So You Think You’re Not an Entrepreneur? Think Again!
I worked for a few years for the CEO of a small start-up. I had left a company where I was employee number 4786, and joined this company where, if we’d had numbers, I would have been number eleven.
Every Monday morning I would be sitting in my office when the CEO would walk by on the way to his office, and say, “Oh, Bud! Good morning! Join me, won’t you?” Whereupon I would dutifully make the trek to his office, and sit for the next two and a half hours, while he regaled me with the many ideas (some good, some not so good) he had come up with over the weekend to improve the company and/or it’s business.
After a few Monday mornings like that, I concluded that I could never be an entrepreneur, because I spent my weekends avoiding thinking about work, and this guy never stopped!
Little did I know then that, when it’s your company, you always think about how to improve it, for at least 18 hours per day, every day of your life, whether you feel like an entrepreneur or not.
What does this have to do with your career as an employee? A lot!
Back in the day (not sure when that was, but before my time), corporate managers allegedly considered their employees to be a great asset, perhaps their best. So, when they started laying people off, you knew that they were taking the situation very seriously. You don’t get rid of a great asset, unless it’s an absolute necessity, so they must be serious.
Fast forward to the 1980s, replete with leveraged buyouts onshore and the Japanese eating our manufacturing lunch offshore, and lots of people were getting laid off. Wall Street noticed this, determined that management must be serious, and invested in these companies. Stock prices went up! This lesson was not lost on corporate management, and now, laying people off is the first thing management considers when times are hard. Stock prices go up.
The bottom line?
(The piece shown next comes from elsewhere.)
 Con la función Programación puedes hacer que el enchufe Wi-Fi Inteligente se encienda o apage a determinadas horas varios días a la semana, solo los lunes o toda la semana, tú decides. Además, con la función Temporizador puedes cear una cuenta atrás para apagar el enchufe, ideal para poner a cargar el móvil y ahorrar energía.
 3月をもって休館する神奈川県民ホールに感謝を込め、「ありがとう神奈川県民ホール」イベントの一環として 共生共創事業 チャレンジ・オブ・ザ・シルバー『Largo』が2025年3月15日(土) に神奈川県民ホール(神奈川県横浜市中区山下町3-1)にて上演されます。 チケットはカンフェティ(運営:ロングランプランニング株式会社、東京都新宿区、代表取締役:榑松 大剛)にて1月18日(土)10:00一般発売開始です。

Your bosses are working late into the night, searching for a way to do business without you, because they no longer think of you as a great asset, they think of you foremost as an expense (see my blog post “What are you worth?”). I had a client who had a friend, a sales director for a division of a Fortune 500 company. Although in six months this guy had achieved his quota two times over, he was laid off because “we’re not doing that anymore.” Did they try to find another place to use this star? Nope.
What all this means is that you must think like—or be—an entrepreneur. You are the head of your own company—You, Inc. You may only have one client at a time, but you need to always be thinking about how you can advance your company, provide better service to that client. If you’re thinking of your client as “the man” or “the suits,” you’re just asking to get whacked.
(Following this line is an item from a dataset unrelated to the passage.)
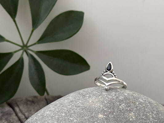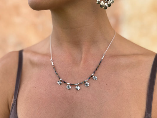 Kette mit 5 kleinen Spiralen und schwarzen Spinell Steinen, 925er Silber, längenverstellbar
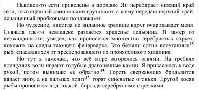 Но тут я зам..чаю, что всё море заг..релось огнями. На гребнях плещ..щих волн играют голубые драгоце(н,нн)ые камни. Я пр..к..саюсь к воде рукой потом вынимаю её обратно. (4) Горсть сверка..щих брильянтов падает (в)низ а на пальцах долго(2) г..рят нежные син..ватые огоньки. Другой косяк рыбы проносится под лодкой, бороздя серебря(н,нн)ыми стрелками

How can you help your client succeed? What does your client need that you can supply? What else do you have in your skill set that your client can use? What have you done lately to help your client? Does your client know it? This requires a totally different mindset than thinking of the people who pay you as your employer!
At this point you may want to read my post, “Track 5 Simple Things to Achieve INSANE Career Success.” It will show you how to manage You, Inc. in such a way as to always be able to talk about what you’ve done, always be ready to find a new client, always know where your next gig is coming from.
Always remember, a career is the best use of your skills today.